Below is a listing to transcribe in full and exactly; keep the pictures out.

DATASET SECTION
============

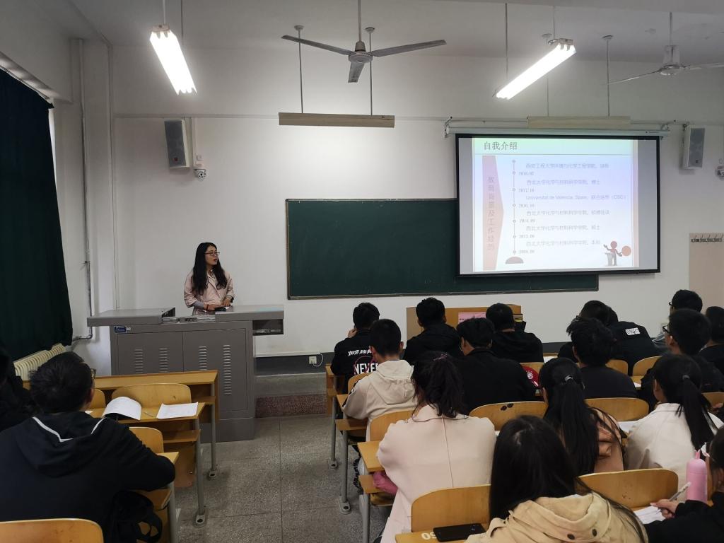 介绍会开始,屈晓妮老师首先组织参会学生填写调查问卷,随后和同学们分享了个人经历并对应用化学专业的发展方向做出了详细的解读,包括:专业解读、学习方法、相似专业、就业发展、竞争专业、竞争因素。同时强调了尽早进入实验室操作的重要性,她表示越早进入实验室进行实验越有利于我们今后的学习发展。
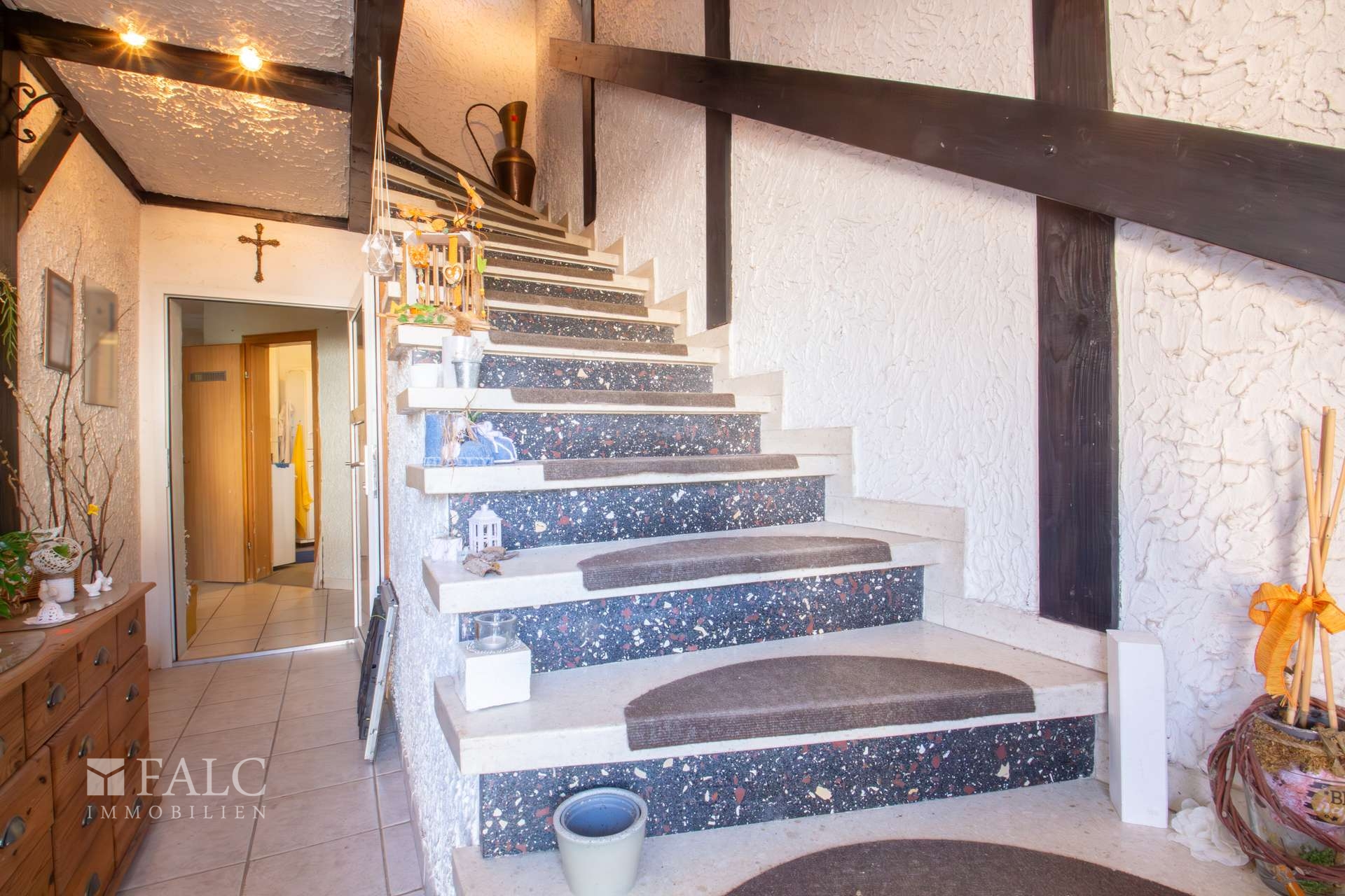 Im folgenden Text wird die Ausstattung des rechten Wohnhauses näher beschrieben. In den Wohnräumen des Wohnhauses sind die Böden im Erd- und Dachgeschoss mit Laminat und Fliesen ausgestattet. Die zweifachverglasten Aluminiumfenster mit Kunststoffbeschichtung von Schüco sind aus dem Jahre 2008. Alle Fenster sind mit Rollläden ausgestattet. Die Terrassen- und Ausgangstüren sind ebenfalls aus Aluminium mit Kunststoffbeschichtung von Schüco. Als Innentüren wurden braune Holztüren verwendet. Die Verbindung vom Erd- ins Dachgeschoss erfolgt über eine massive Treppe. Das Haus wird zusammen mit der anderen Haushälfte über ein gasbetriebenes Blockheizkraftwerk aus dem Jahre 2016 beheizt. In allen Wohnräumen sind Heizkörper vorhanden. Die Warmwassererzeugung erfolgt ebenfalls über das Blockheizkraftwerk. Das Badezimmer im Erdgeschoss ist halbhoch mit hellen Fliesen gefliest und mit zeitgemäßen Sanitärobjekten ausgestattet. Es verfügt über eine bodengleiche Dusche. Das Badezimmer im Obergeschoss ist halbhoch mit hellen Fliesen gefliest und mit zeitgemäßen Sanitärobjekten ausgestattet. Es verfügt über eine Badewanne. Die Toilette ist vom Badezimmer separiert angeordnet. Ein Glasfaseranschluss ist bereits vorhanden. Das Dach des Wohnhauses ist mit Dachpfannen eingedeckt.
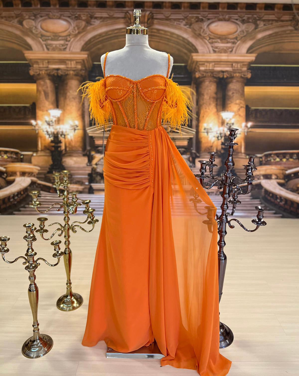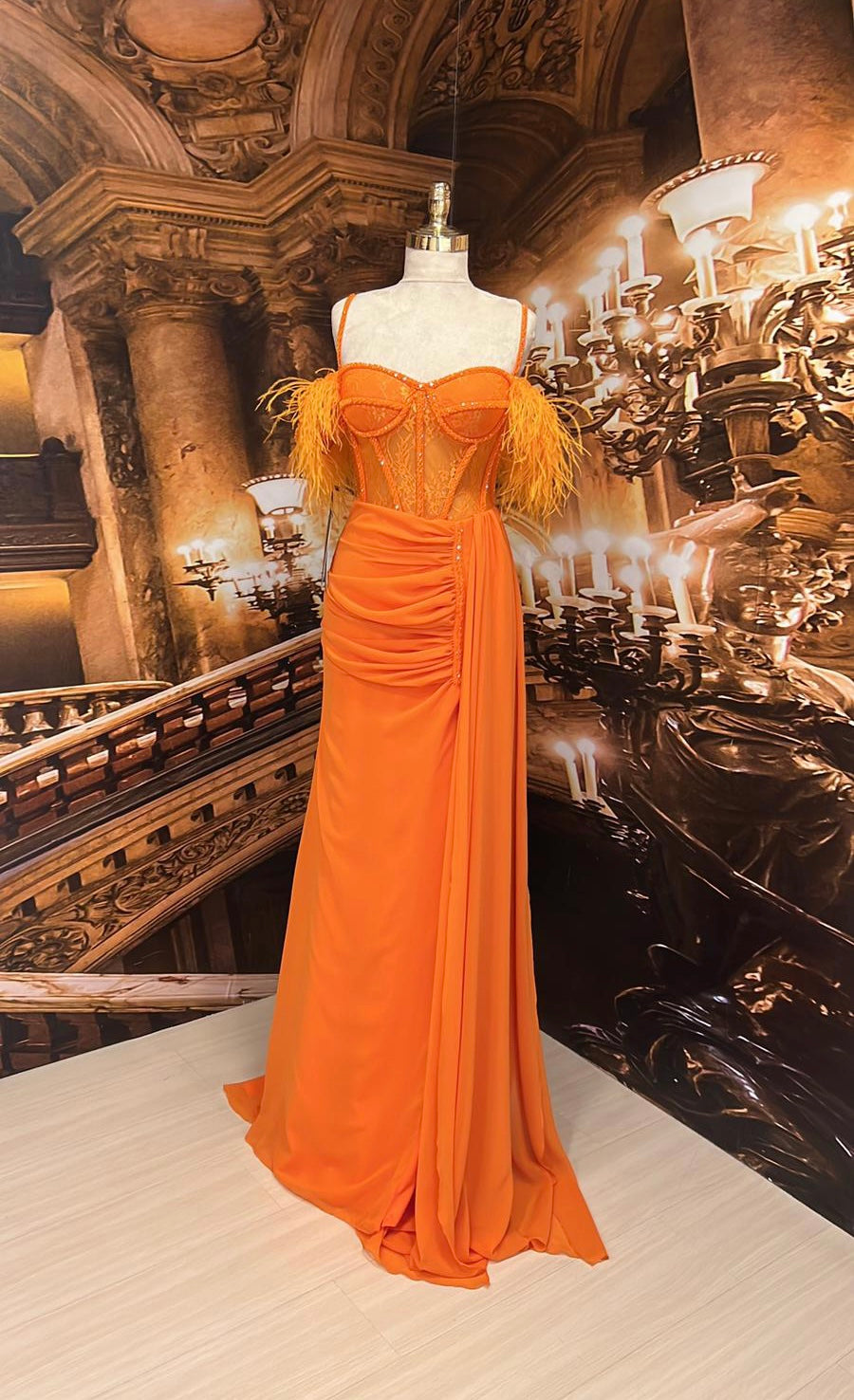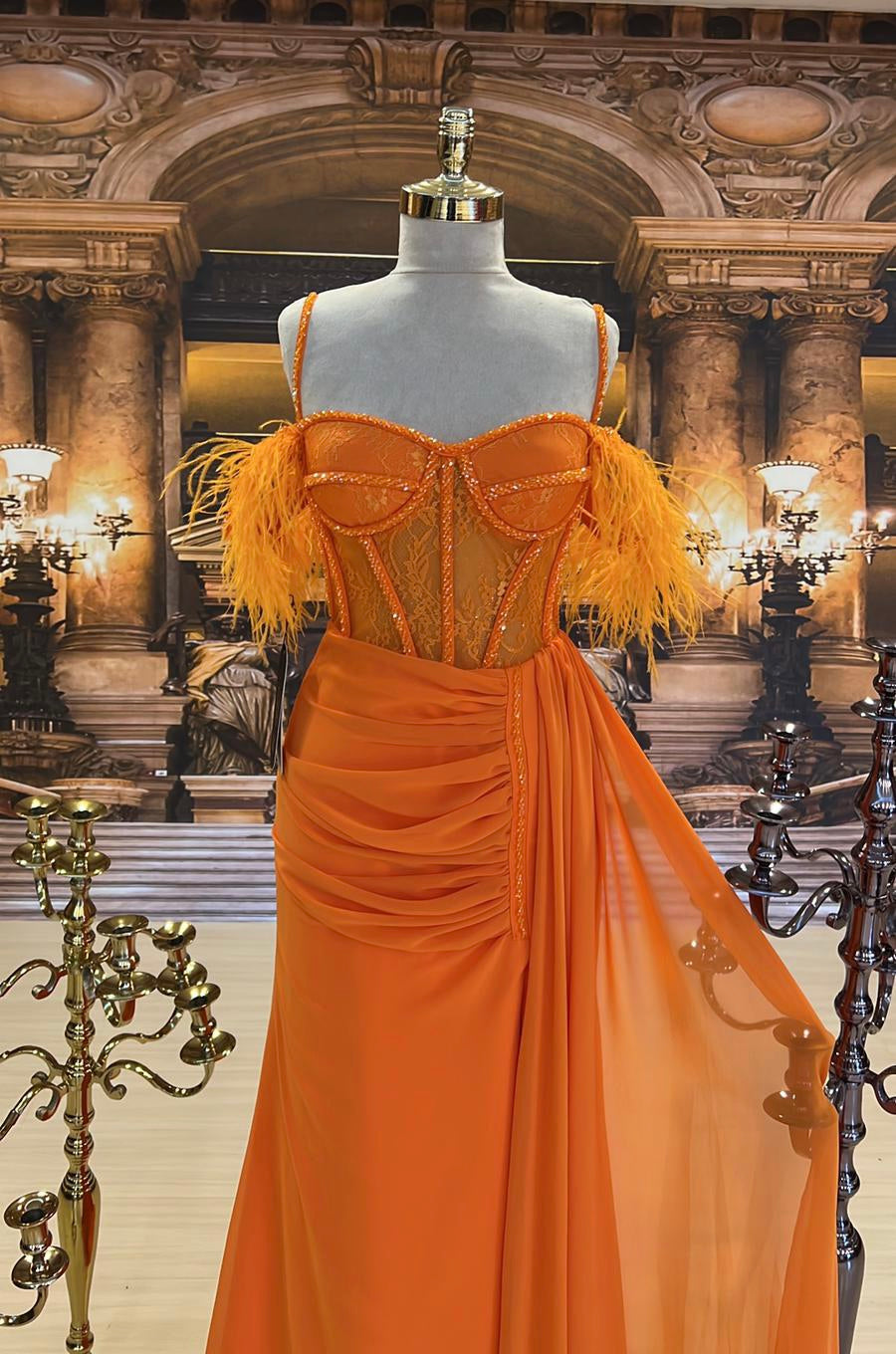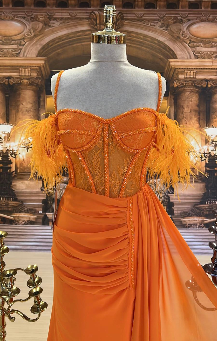 Curio Collection’s "Aliana Dress". This stunning orange feathered sleeve evening dress is intricately hand made from scratch and will most definitely make a statement at any glamorous event x

============

EXERCISE RESULT
 介绍会开始,屈晓妮老师首先组织参会学生填写调查问卷,随后和同学们分享了个人经历并对应用化学专业的发展方向做出了详细的解读,包括:专业解读、学习方法、相似专业、就业发展、竞争专业、竞争因素。同时强调了尽早进入实验室操作的重要性,她表示越早进入实验室进行实验越有利于我们今后的学习发展。
 Im folgenden Text wird die Ausstattung des rechten Wohnhauses näher beschrieben. In den Wohnräumen des Wohnhauses sind die Böden im Erd- und Dachgeschoss mit Laminat und Fliesen ausgestattet. Die zweifachverglasten Aluminiumfenster mit Kunststoffbeschichtung von Schüco sind aus dem Jahre 2008. Alle Fenster sind mit Rollläden ausgestattet. Die Terrassen- und Ausgangstüren sind ebenfalls aus Aluminium mit Kunststoffbeschichtung von Schüco. Als Innentüren wurden braune Holztüren verwendet. Die Verbindung vom Erd- ins Dachgeschoss erfolgt über eine massive Treppe. Das Haus wird zusammen mit der anderen Haushälfte über ein gasbetriebenes Blockheizkraftwerk aus dem Jahre 2016 beheizt. In allen Wohnräumen sind Heizkörper vorhanden. Die Warmwassererzeugung erfolgt ebenfalls über das Blockheizkraftwerk. Das Badezimmer im Erdgeschoss ist halbhoch mit hellen Fliesen gefliest und mit zeitgemäßen Sanitärobjekten ausgestattet. Es verfügt über eine bodengleiche Dusche. Das Badezimmer im Obergeschoss ist halbhoch mit hellen Fliesen gefliest und mit zeitgemäßen Sanitärobjekten ausgestattet. Es verfügt über eine Badewanne. Die Toilette ist vom Badezimmer separiert angeordnet. Ein Glasfaseranschluss ist bereits vorhanden. Das Dach des Wohnhauses ist mit Dachpfannen eingedeckt.
 Curio Collection’s "Aliana Dress". This stunning orange feathered sleeve evening dress is intricately hand made from scratch and will most definitely make a statement at any glamorous event x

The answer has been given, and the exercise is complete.